9:12: Personally, I’m too distracted by the sheer amount of hair on Simon’s arm to be horrified by Lisa’s awful rendition of Marian Carey’s “Vision Of Love.”
9:15: I’m getting seasick just watching that Godzilla speedboat spinning around the water. Can this Mike guy sing his awful Beatles song and be done with it? Oh, great. They sent him through to Hollywood, even though he sang the first half of his song in a completely different key. Following in Adam Lambert’s footsteps, is he?
9:23: Time for Katie Stevens, a Portugese girl with a grandmother who has Alzheimers. This is totally sad. They’re showing footage of Katie spoonfeeding her and everything. Whatever. That’s playing dirty. I don’t even need to hear this girl sing. You know they’re going to send her through to Hollywood.
Aaaand, they sent her to Hollywood. Is this show predictable or what?
9:29: Further proof this is the most boring premiere episode ever: Randy just referenced SPANDAU BALLET. I rest my case.

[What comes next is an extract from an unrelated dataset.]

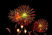 In Italy, New Year's Eve (Italian: Vigilia di Capodanno or Notte di San Silvestro) is celebrated by the observation of traditional rituals, such as wearing red underwear.[28] An ancient tradition in southern regions which is rarely followed today was disposing of old or unused items by dropping them from the window.[29] Usually the evening is spent with family or friends in a square (where concerts or various parties are organised) but also at home. Generally, starting from 10 seconds before midnight, it is customary to count down until reaching zero, thus wishing a happy new year, toasting with spumante and watching or lighting fireworks, shooting firecrackers or guns loaded with blanks. Dinner is traditionally eaten with relatives and friends. It often includes zampone or cotechino (a meal made with pig's trotters or entrails), lentils and (in Northern Italy) polenta. At 20:30, the President of Italy's address to the nation, produced by RAI, the state broadcaster, is broadcast countrywide on radio and TV networks.[30] At midnight, fireworks are displayed all across the country. Rarely followed today is the tradition that consist in eating lentil stew when the bell tolls midnight, one spoonful per bell. This is supposed to bring good fortune; the round lentils represent coins.[31]
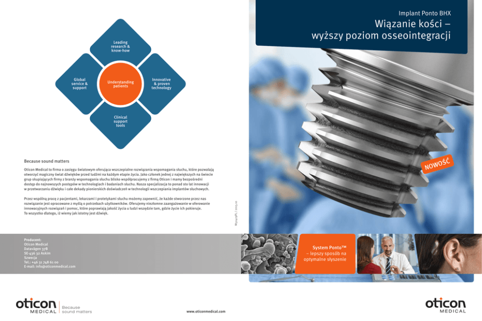 Implant Ponto BHX Wiązanie kości – wyższy poziom osseointegracji Leading research & know-how Global service & support Understanding patients Innovative & proven technology Clinical support tools OŚĆ W O N Because sound matters Przez wspólną pracę z pacjentami, lekarzami i protetykami słuchu możemy zapewnić, że każde stworzone przez nas rozwiązanie jest opracowane z myślą o potrzebach użytkowników. Oferujemy niezłomne zaangażowanie w oferowanie innowacyjnych rozwiązań i pomoc, które poprawiają jakość życia u ludzi wszędzie tam, gdzie życie ich pokieruje. To wszystko dlatego, iż wiemy jak istotny jest dźwięk. Producent: Oticon Medical Datavägen 37B SE-436 32 Askim Szwecja Tel.: +46 31 748 61 00 E-mail: [email protected] M52429PL / 2015.10 Oticon Medical to firma o zasięgu światowym oferująca wszczepialne rozwiązania wspomagania słuchu, które pozwalają otworzyć magiczny świat dźwięków przed ludźmi na każdym etapie życia. Jako członek jednej z największych na świecie grup skupiających firmy z branży wspomagania słuchu blisko współpracujemy z firmą Oticon i mamy bezpośredni dostęp do najnowszych postępów w technologiach i badaniach słuchu. Nasza specjalizacja to ponad sto lat innowacji w przetwarzaniu dźwięku i całe dekady pionierskich doświadczeń w technologii wszczepiania implantów słuchowych. System Ponto™ – lepszy sposób na optymalne słyszenie www.oticonmedical.com Ć NOWOŚ Implant Ponto BHX Mocniejsze niż kość Technologia Biohelix™ zwiększa siłę połączenia między kością a implantem o ponad 150%.1 W badaniach wykazano, że połączenie między kością a implantem BHX jest w rzeczywistości mocniejsze niż sama kość. Wyznaczanie nowych standardów w technologii implantów 45 Moment zerwania (Ncm) 40 35 P = 0.008 30 25 Linia pęknięcia 20 15 10 5 0 Po obróbce Biohelix Po 8 tygodniach gojenia średni moment zerwania, będący miarą stopnia osseointegracji, w implantach Ponto BHX jest większy o 153% w porównaniu z implantami jedynie obrabianymi maszynowo.1 Implant Ponto BHX to doskonałe połączenie sprawdzonej geometrii OptiGrip™ i najnowszej technologii powierzchni. Dzięki swoim mikro- i nanostrukturom przenosi osseointegrację na wyższy poziom — wiązania kości. Zmineralizowana kość przyrasta bezpośrednio na powierzchni tytanowego implantu wykonanej metodą ablacji laserowej. Próby momentu zerwania potwierdzają, że pęknięcie występuje w kości.1 To oznacza istnienie połączenia z kością w skali nano. Najwyższa stabilność od pierwszego dnia Pierwsza tytanowa powierzchnia wykonana metodą ablacji laserowej Powierzchnia implantu Ponto BHX odpowiada strukturalnym blokom kości 80 Biohelix™ powierzchnia właściwa dla miejsca wykonana metodą ablacji laserowej pozwala na szybsze i mocniejsze formowanie kości Makrogeometria OptiGrip™ pozwala na wysoką początkową stabilność implantu 70 Wielkości ISQ Biohelix™ to efekt najnowszych badań wiodących światowych ekspertów z zakresu osseointegracji z Goeteborga w Szwecji. Wyjątkowa technologia ablacji laserowej Biohelix™ pozwala na miejscowe modyfikacje na samym dnie rowków gwintu o sprawdzonej geometrii OptiGrip™. To pozwala utworzyć trzypoziomową topografię powierzchni dopasowanej do struktury naturalnej kości w makro-, mikro- i nanoskali. Geometria OptiGrip™ cechuje się najwyższą początkową stabilnością spośród wszystkich kotwiczonych w kości implantów słuchowych.2 Badania wykazują utrzymywanie i zwiększanie stabilności w czasie przy doskonałych wynikach klinicznych.3, 4, 5 6 mm 60 9 mm 12 mm 50 40 0 100 200 300 400 Dni Implant Makro Mikro Nano „Chropowatość w skali nano odgrywa ważną rolę w osseointegracji. Poprawa parametrów biomechanicznych jest jeszcze większa, niż sobie wyobrażałem.” R. Brånemark, Associate Professor MD Msc. PhD Struktura kości Kość dojrzała Osteocyt/ osteoblast Kość zmineralizowana 1.Johansson M. L., Omar O., Palmquist A., Simonsson H., Emanuelsson L., Norlindh B., Thomsen P.: „Site-specific laser modification promotes higher osseointegration of titanium implants”. Prezentacja Osseo, Lake Louise, Kanada, maj 2015 r. 2.Westerkull P., Jinton L., „The new wide Ponto implant design – clinical and surgical aspects”, opracowanie Oticon Medical, M51162, 2012. 3.Nelissen R. C., den Besten C. A., Mylanus E. A., Hol M. K., „Stability, survival, and tolerability of a 4.5-mm-wide bone-anchored hearing implant: 6-month data from a randomized controlled clinical trial”, Eur Arch Otorhinolaryngol, E-pub: 20 marca 2015. 4.Hultcrantz M., „Stability testing of a wide bone-anchored device after surgery without skin thinning”. BioMed Res Int, E-pub: ID artykułu 853072, 2015. 5.Foghsgaard Ss, Caye-Thomasen P., „A new wide-diameter bone-anchored hearing implant-prospective 1-year data on complications, implant stability, and survival”, Otol Neurotol, 35(7), ss. 1238-41, 2014.

9:30: I’m so sick of these sob stories. Yes, people have cancer, sick grandmothers, and disabled siblings. But do the Idol producers think the American population is so stupid, we can’t like someone without hearing their corny backstory?
9:39: Dear God. Not the “Turn The Tub Around” butter commercial. Is Megan Mullally that hard up for cash?
9:45: Norberto Guerrero looks like Latoya Jackson’s corpse. I’m terrified. I think I saw him spraypainted on the side of a loud ride at my local town carnival once.

WE HATE IDOL COMMENT OF THE NIGHT: “So, are Bosa’s parent sending me e-mail scams yet?” -Vomit

And that brought this awful episode to an end! Join us tomorrow night for another episode of American Idol. Thankfully, it’s only 90 minutes. There is a God.